WHAT YOU HAVE TO DO –
Beginning at the top of the entries below, retype each line exactly until the line containing "12:30 OPEN /" has been written out; include no pictures and no later lines.

MATERIAL PROVIDED –
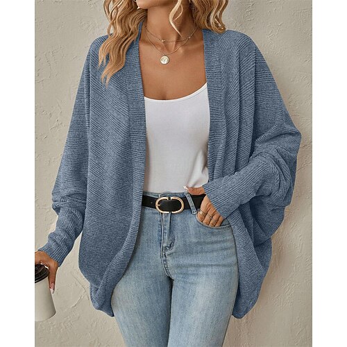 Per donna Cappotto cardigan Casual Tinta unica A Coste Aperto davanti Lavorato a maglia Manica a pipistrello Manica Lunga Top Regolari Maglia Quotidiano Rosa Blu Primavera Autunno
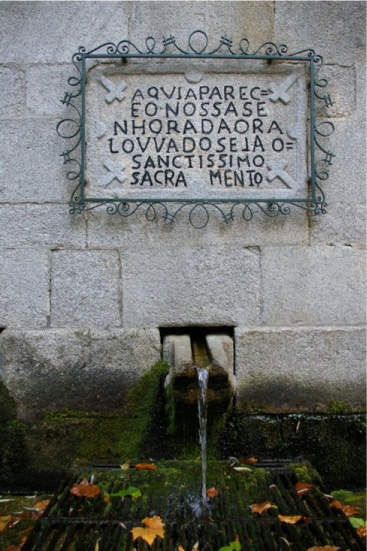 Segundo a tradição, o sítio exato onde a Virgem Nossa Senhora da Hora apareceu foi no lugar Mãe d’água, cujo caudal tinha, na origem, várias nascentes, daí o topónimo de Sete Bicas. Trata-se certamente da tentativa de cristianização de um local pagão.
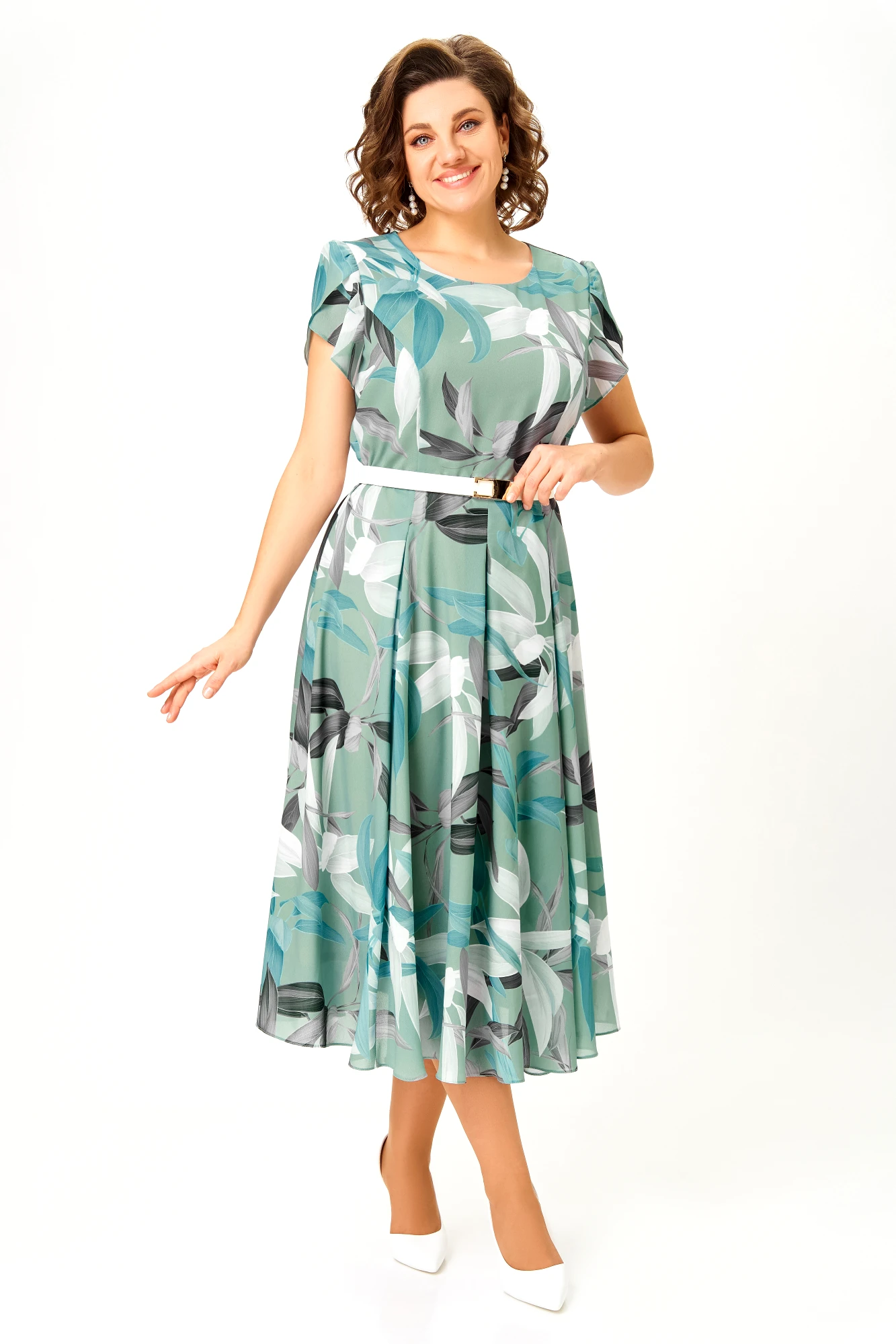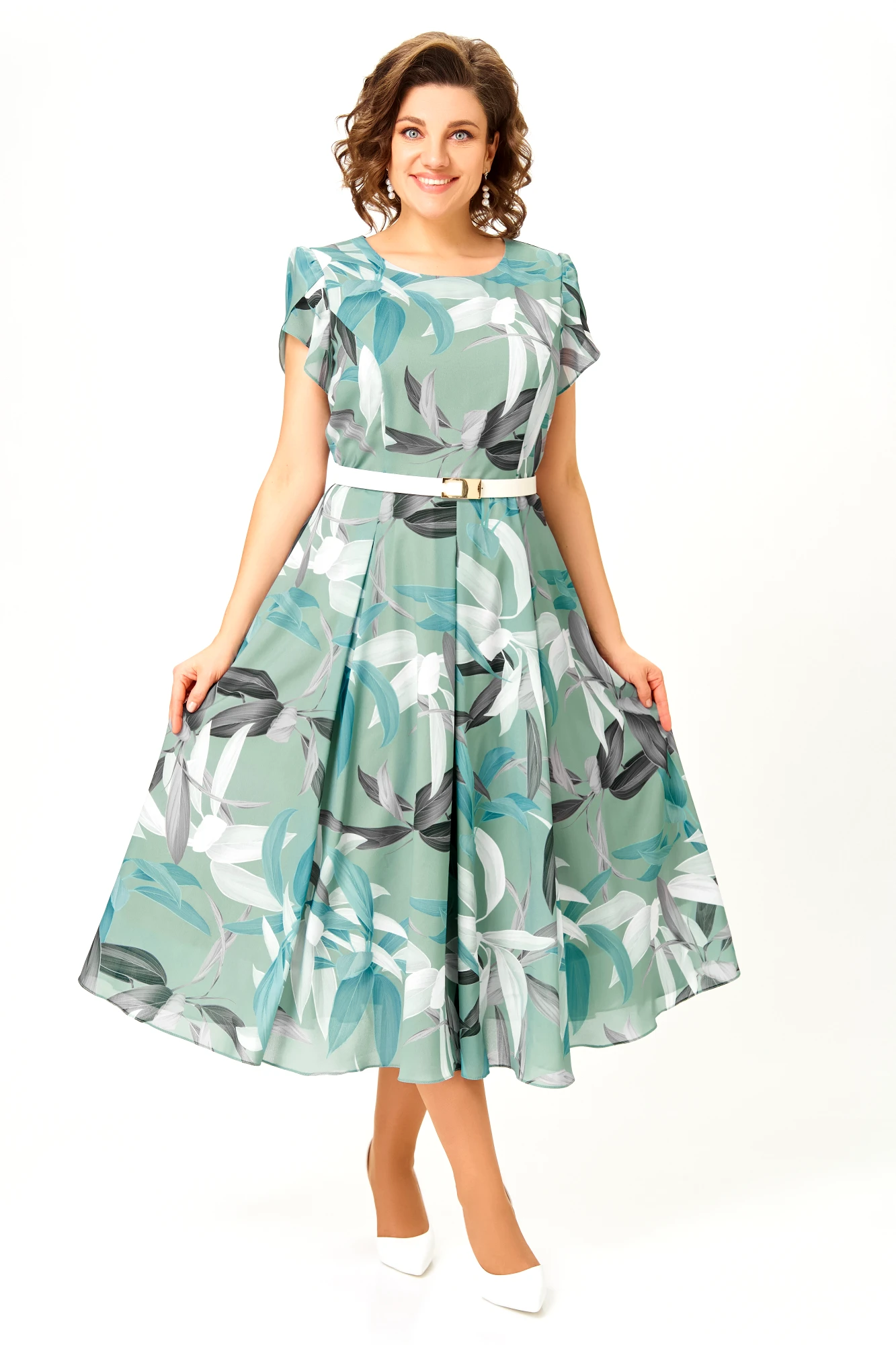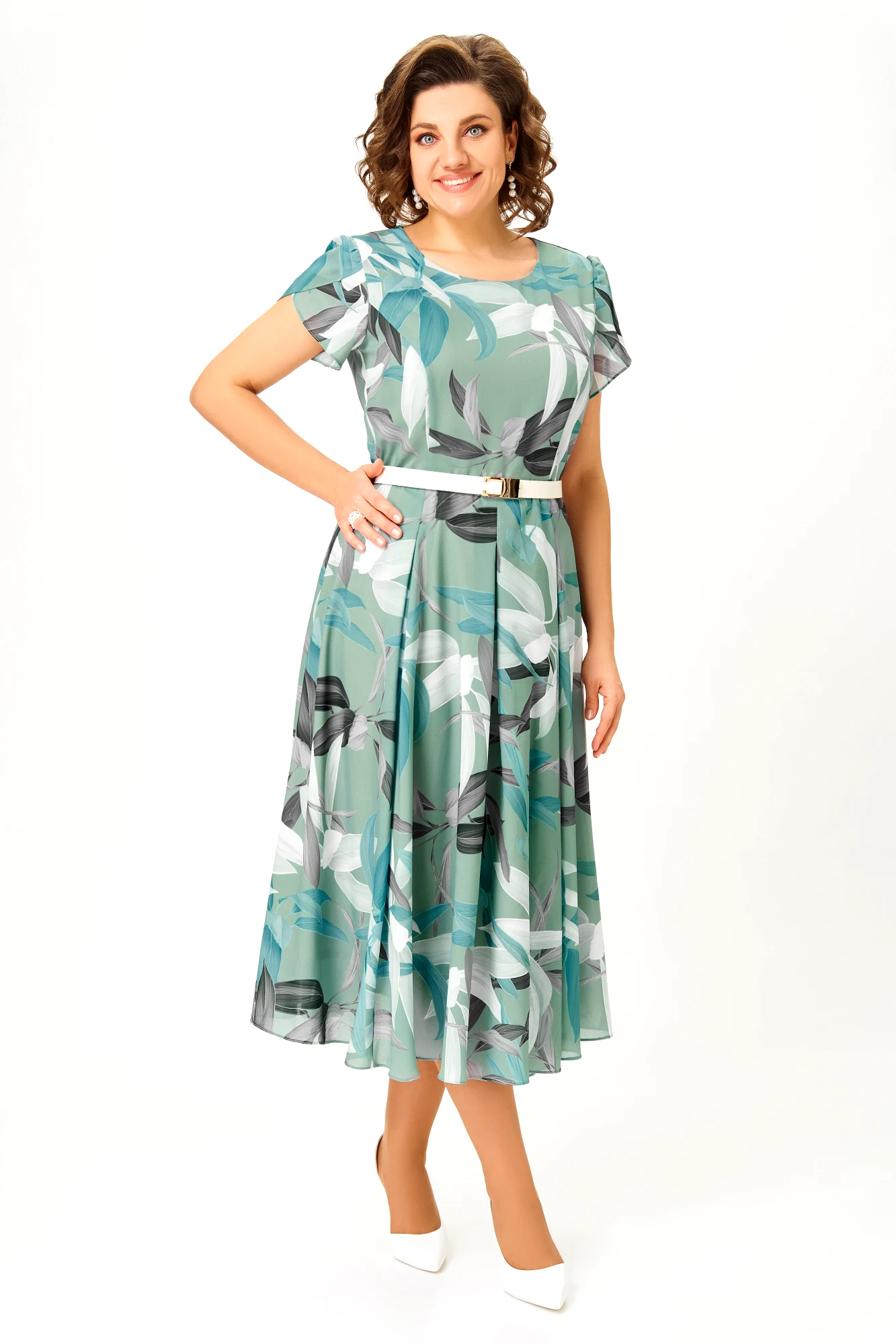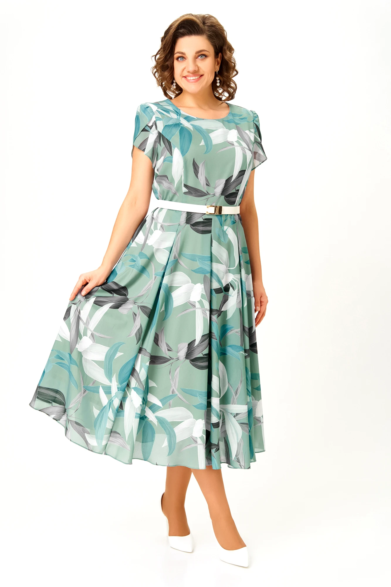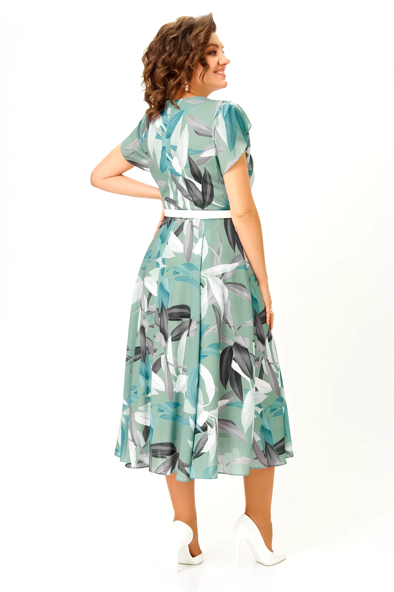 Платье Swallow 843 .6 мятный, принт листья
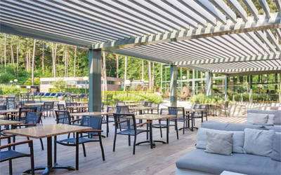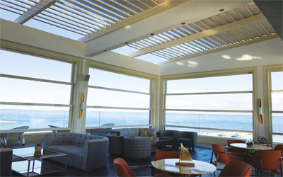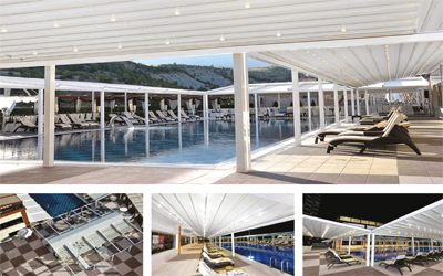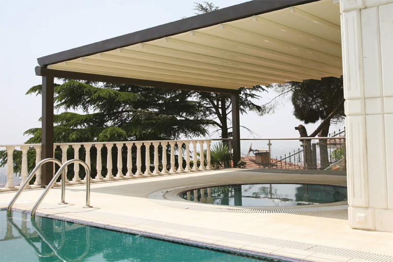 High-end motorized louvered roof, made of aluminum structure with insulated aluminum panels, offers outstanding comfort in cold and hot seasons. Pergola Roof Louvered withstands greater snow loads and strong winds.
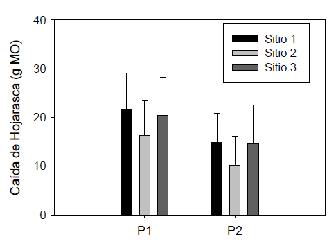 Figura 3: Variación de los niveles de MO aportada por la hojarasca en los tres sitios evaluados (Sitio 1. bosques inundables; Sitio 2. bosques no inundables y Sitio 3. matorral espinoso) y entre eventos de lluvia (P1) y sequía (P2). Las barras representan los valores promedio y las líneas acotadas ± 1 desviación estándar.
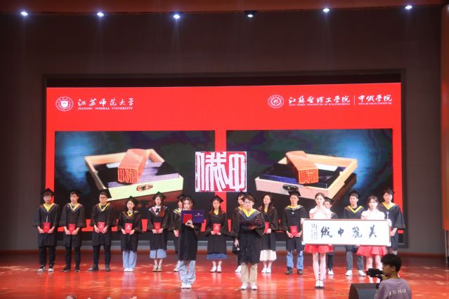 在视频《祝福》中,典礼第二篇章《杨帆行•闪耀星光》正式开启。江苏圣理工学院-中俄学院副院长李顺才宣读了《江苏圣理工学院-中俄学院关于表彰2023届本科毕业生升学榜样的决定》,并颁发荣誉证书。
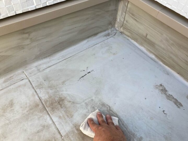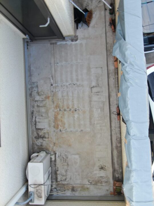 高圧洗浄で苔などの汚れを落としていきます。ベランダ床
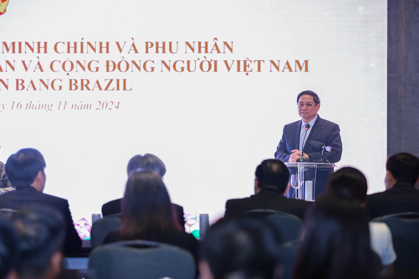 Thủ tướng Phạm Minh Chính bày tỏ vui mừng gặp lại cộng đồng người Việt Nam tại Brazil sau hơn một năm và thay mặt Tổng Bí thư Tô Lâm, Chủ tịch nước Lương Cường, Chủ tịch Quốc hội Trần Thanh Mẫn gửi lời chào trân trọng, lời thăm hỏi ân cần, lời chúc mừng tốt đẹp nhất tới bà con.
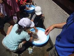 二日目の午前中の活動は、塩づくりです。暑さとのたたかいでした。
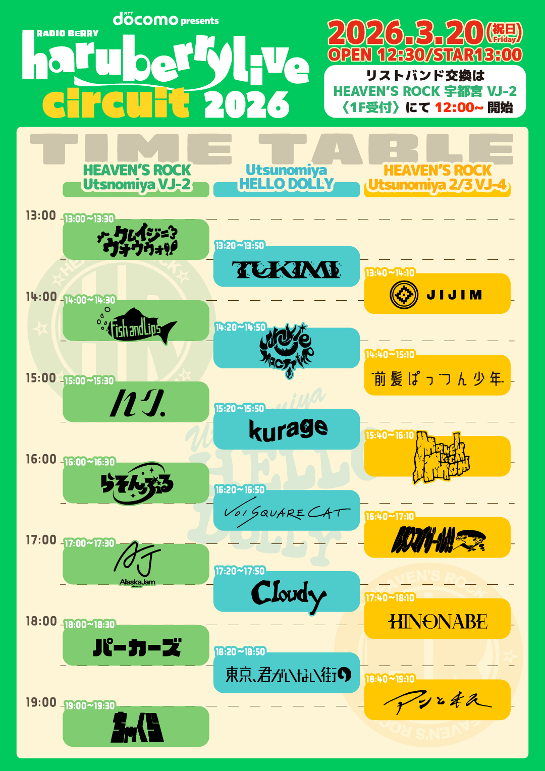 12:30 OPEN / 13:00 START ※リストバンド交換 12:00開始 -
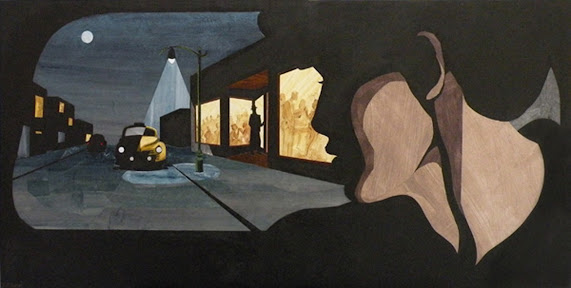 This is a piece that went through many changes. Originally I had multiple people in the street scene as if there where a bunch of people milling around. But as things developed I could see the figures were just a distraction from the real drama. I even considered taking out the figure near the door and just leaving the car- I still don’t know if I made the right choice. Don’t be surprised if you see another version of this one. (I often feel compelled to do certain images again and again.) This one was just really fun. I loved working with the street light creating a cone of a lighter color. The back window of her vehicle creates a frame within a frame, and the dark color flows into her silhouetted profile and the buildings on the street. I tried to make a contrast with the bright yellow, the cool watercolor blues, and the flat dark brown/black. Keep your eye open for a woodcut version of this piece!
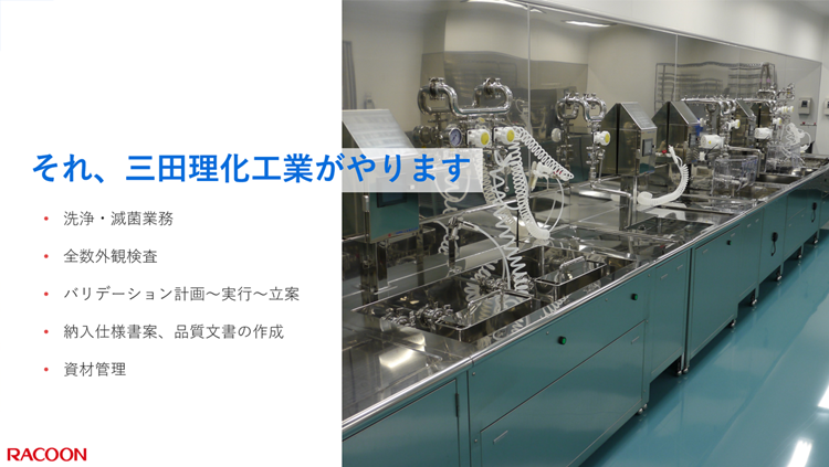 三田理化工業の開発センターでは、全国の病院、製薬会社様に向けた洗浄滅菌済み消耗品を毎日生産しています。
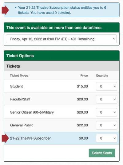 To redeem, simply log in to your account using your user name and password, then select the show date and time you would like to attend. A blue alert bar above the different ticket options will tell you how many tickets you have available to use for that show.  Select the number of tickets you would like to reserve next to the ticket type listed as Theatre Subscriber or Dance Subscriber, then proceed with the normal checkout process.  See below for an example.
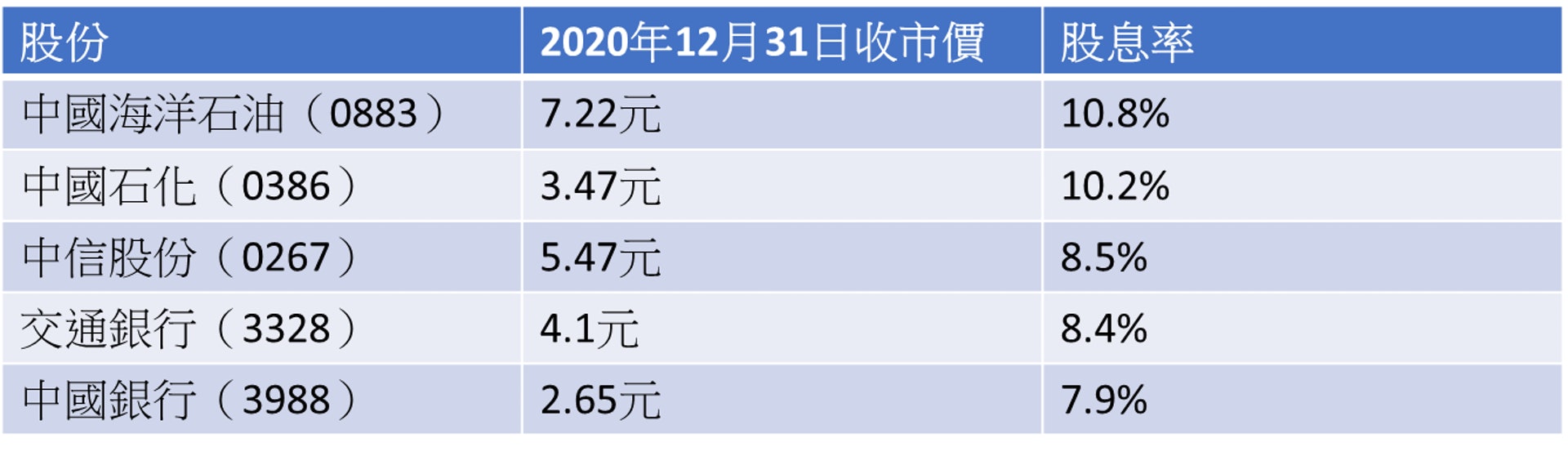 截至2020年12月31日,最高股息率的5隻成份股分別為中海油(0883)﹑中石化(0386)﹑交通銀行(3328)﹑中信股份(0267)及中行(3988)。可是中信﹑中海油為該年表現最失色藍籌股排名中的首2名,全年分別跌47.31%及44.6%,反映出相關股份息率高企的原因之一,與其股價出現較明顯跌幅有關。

ANSWER TO THE PROBLEM –
 Per donna Cappotto cardigan Casual Tinta unica A Coste Aperto davanti Lavorato a maglia Manica a pipistrello Manica Lunga Top Regolari Maglia Quotidiano Rosa Blu Primavera Autunno
 Segundo a tradição, o sítio exato onde a Virgem Nossa Senhora da Hora apareceu foi no lugar Mãe d’água, cujo caudal tinha, na origem, várias nascentes, daí o topónimo de Sete Bicas. Trata-se certamente da tentativa de cristianização de um local pagão.
 Платье Swallow 843 .6 мятный, принт листья
 High-end motorized louvered roof, made of aluminum structure with insulated aluminum panels, offers outstanding comfort in cold and hot seasons. Pergola Roof Louvered withstands greater snow loads and strong winds.
 Figura 3: Variación de los niveles de MO aportada por la hojarasca en los tres sitios evaluados (Sitio 1. bosques inundables; Sitio 2. bosques no inundables y Sitio 3. matorral espinoso) y entre eventos de lluvia (P1) y sequía (P2). Las barras representan los valores promedio y las líneas acotadas ± 1 desviación estándar.
 在视频《祝福》中,典礼第二篇章《杨帆行•闪耀星光》正式开启。江苏圣理工学院-中俄学院副院长李顺才宣读了《江苏圣理工学院-中俄学院关于表彰2023届本科毕业生升学榜样的决定》,并颁发荣誉证书。
 高圧洗浄で苔などの汚れを落としていきます。ベランダ床
 Thủ tướng Phạm Minh Chính bày tỏ vui mừng gặp lại cộng đồng người Việt Nam tại Brazil sau hơn một năm và thay mặt Tổng Bí thư Tô Lâm, Chủ tịch nước Lương Cường, Chủ tịch Quốc hội Trần Thanh Mẫn gửi lời chào trân trọng, lời thăm hỏi ân cần, lời chúc mừng tốt đẹp nhất tới bà con.
 二日目の午前中の活動は、塩づくりです。暑さとのたたかいでした。
 12:30 OPEN / 13:00 START ※リストバンド交換 12:00開始 -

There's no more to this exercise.